> [EXERCISE DIRECTIONS]
All of the listing should be returned as written, apart from any picture in it.

> [DATA SEGMENT]
::::::::

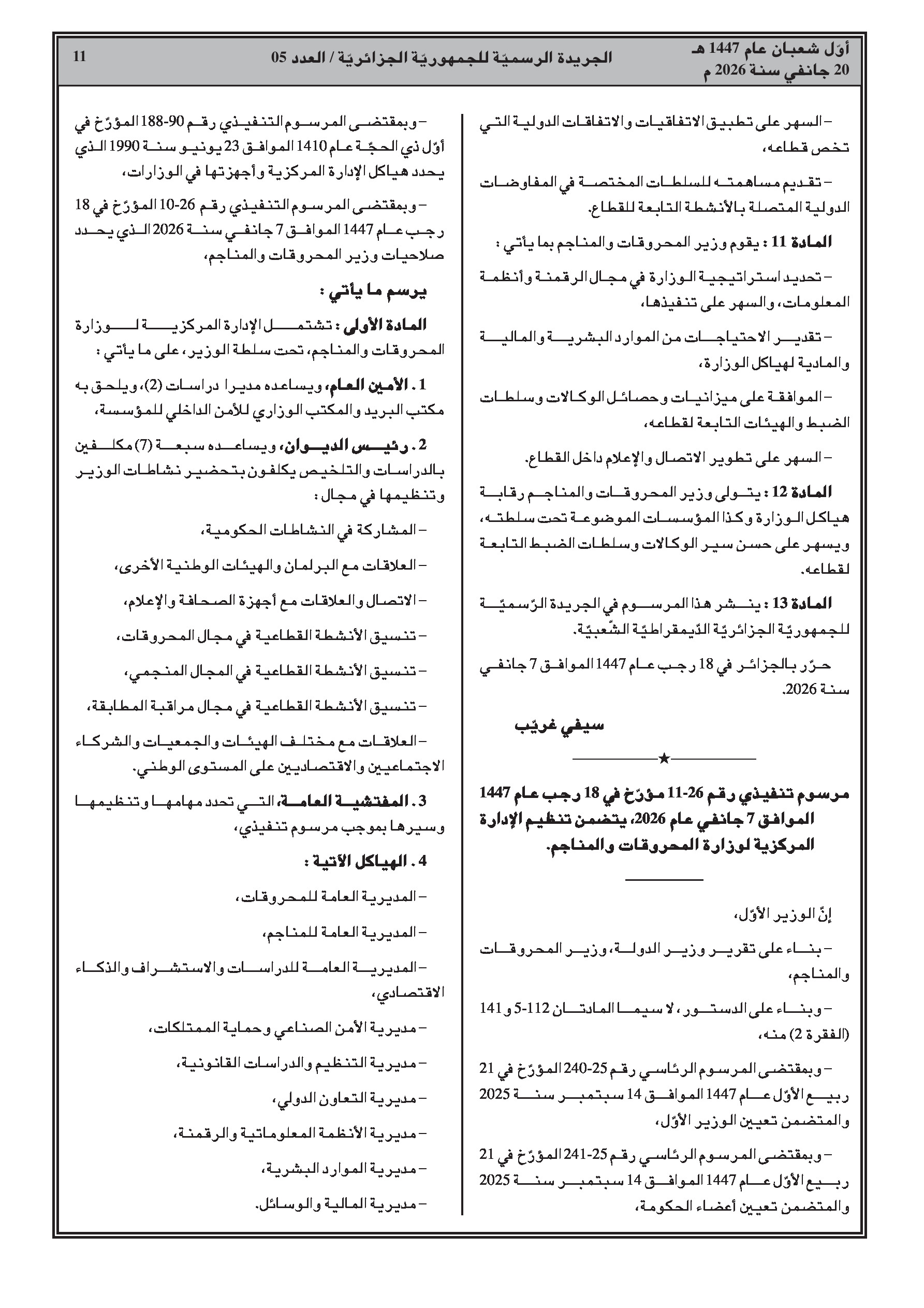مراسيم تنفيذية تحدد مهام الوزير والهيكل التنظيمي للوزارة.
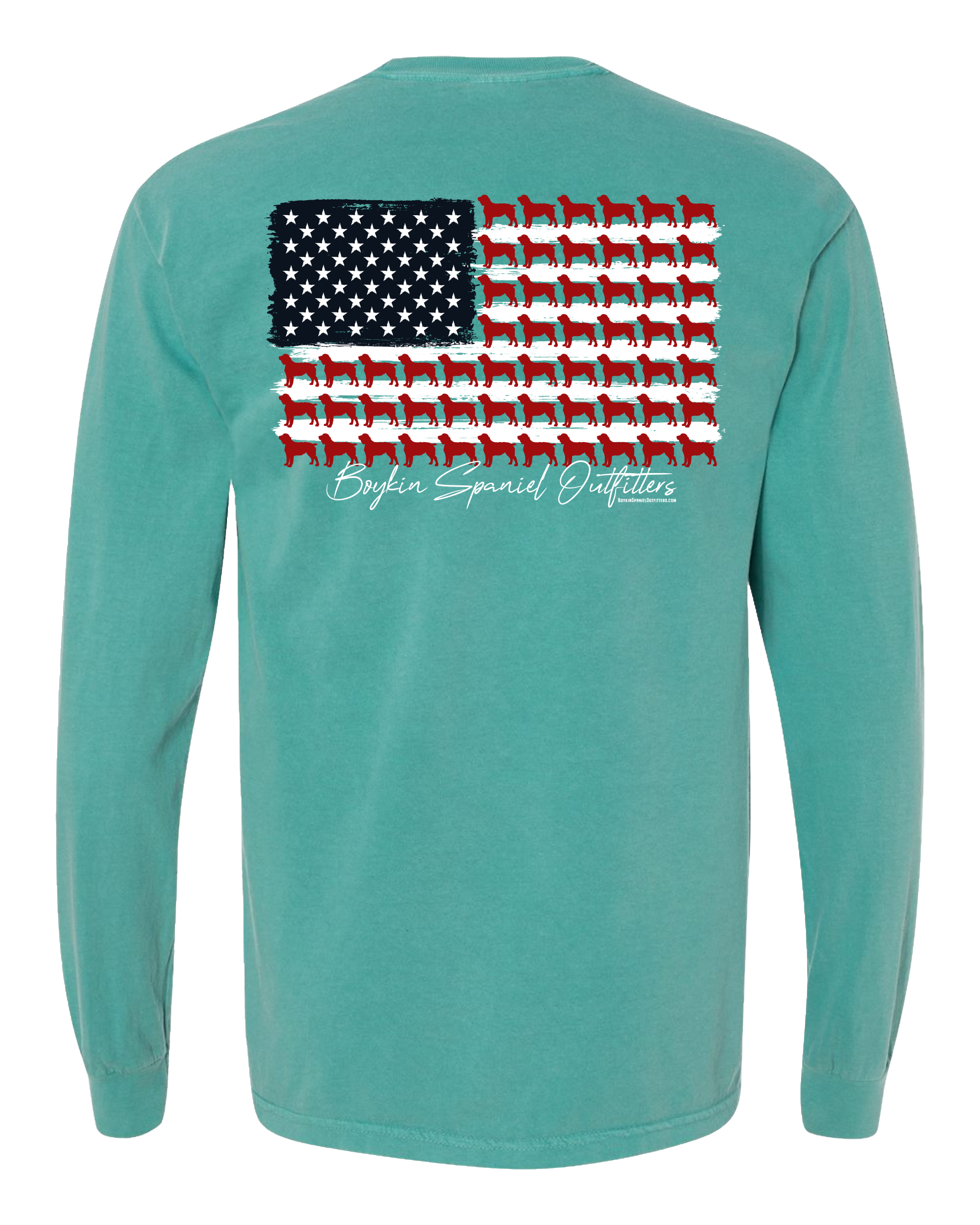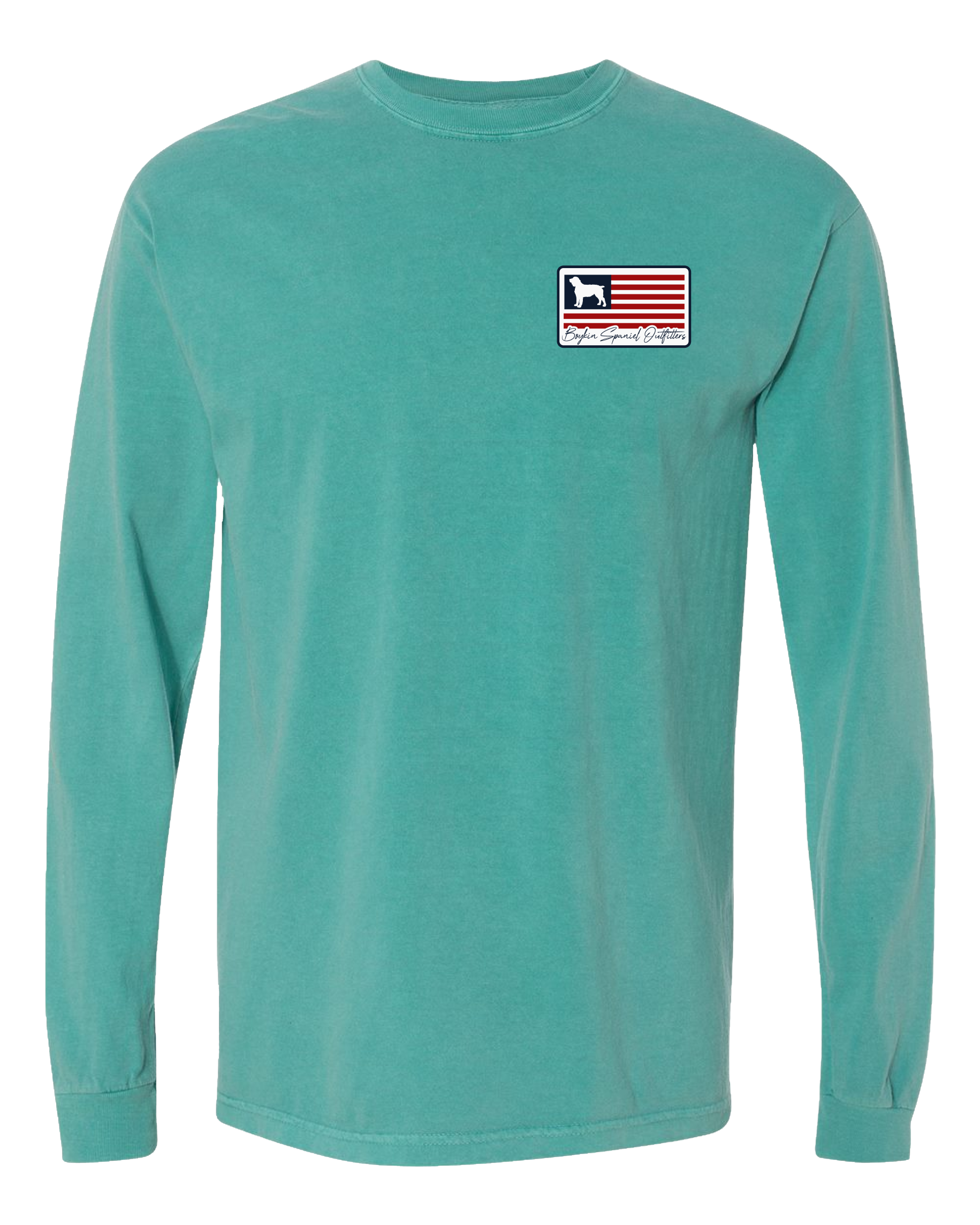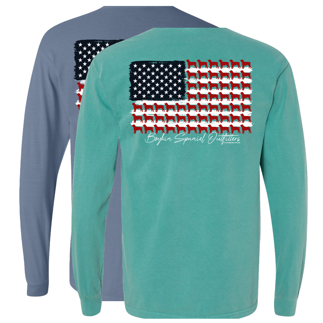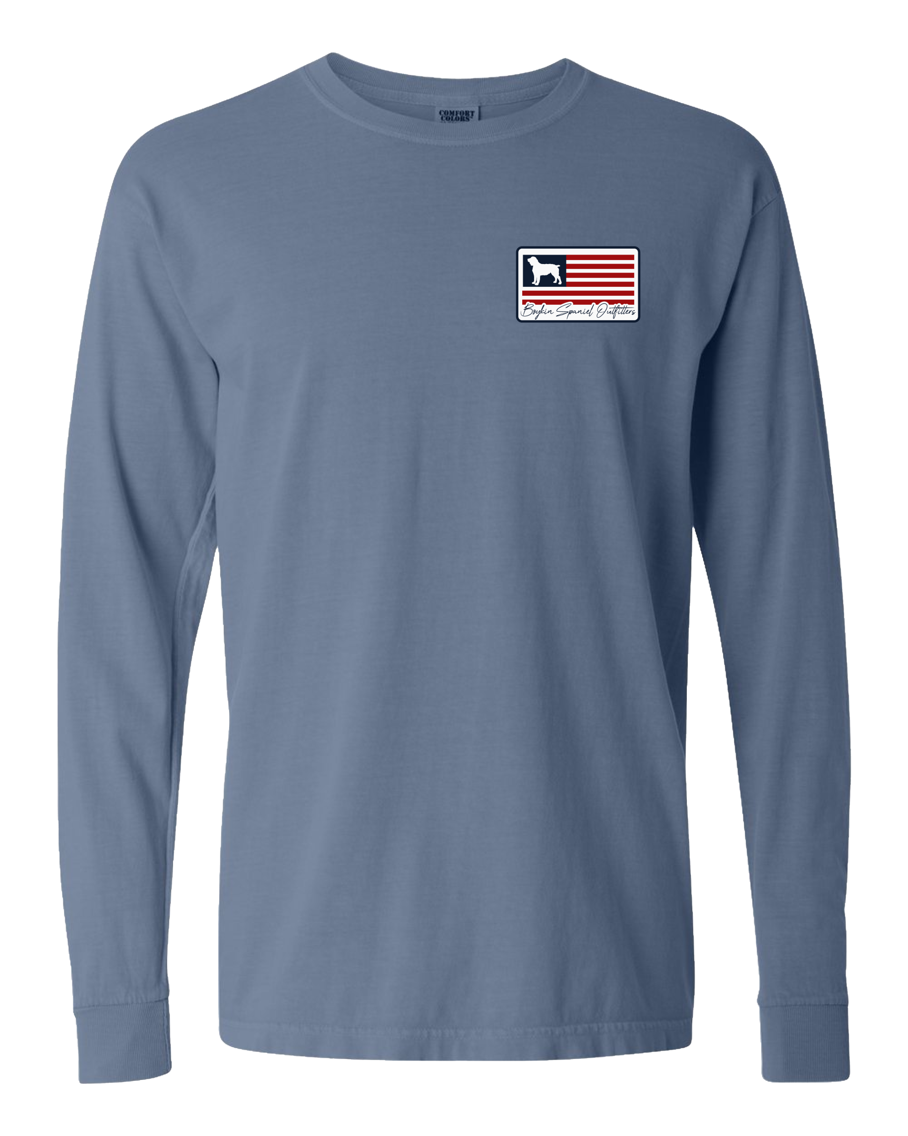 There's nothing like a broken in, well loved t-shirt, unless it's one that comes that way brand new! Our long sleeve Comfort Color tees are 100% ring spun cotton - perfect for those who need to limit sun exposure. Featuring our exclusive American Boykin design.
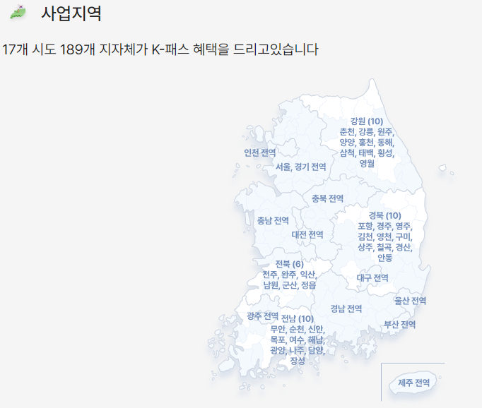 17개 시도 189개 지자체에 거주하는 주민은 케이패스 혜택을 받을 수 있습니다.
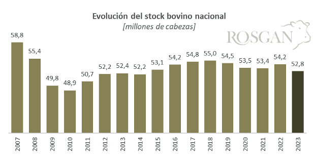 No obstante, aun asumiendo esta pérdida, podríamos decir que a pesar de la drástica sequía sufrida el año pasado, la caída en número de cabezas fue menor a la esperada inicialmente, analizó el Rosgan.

::::::::

> [RESPONSE AREA]
مراسيم تنفيذية تحدد مهام الوزير والهيكل التنظيمي للوزارة.
 There's nothing like a broken in, well loved t-shirt, unless it's one that comes that way brand new! Our long sleeve Comfort Color tees are 100% ring spun cotton - perfect for those who need to limit sun exposure. Featuring our exclusive American Boykin design.
 17개 시도 189개 지자체에 거주하는 주민은 케이패스 혜택을 받을 수 있습니다.
 No obstante, aun asumiendo esta pérdida, podríamos decir que a pesar de la drástica sequía sufrida el año pasado, la caída en número de cabezas fue menor a la esperada inicialmente, analizó el Rosgan.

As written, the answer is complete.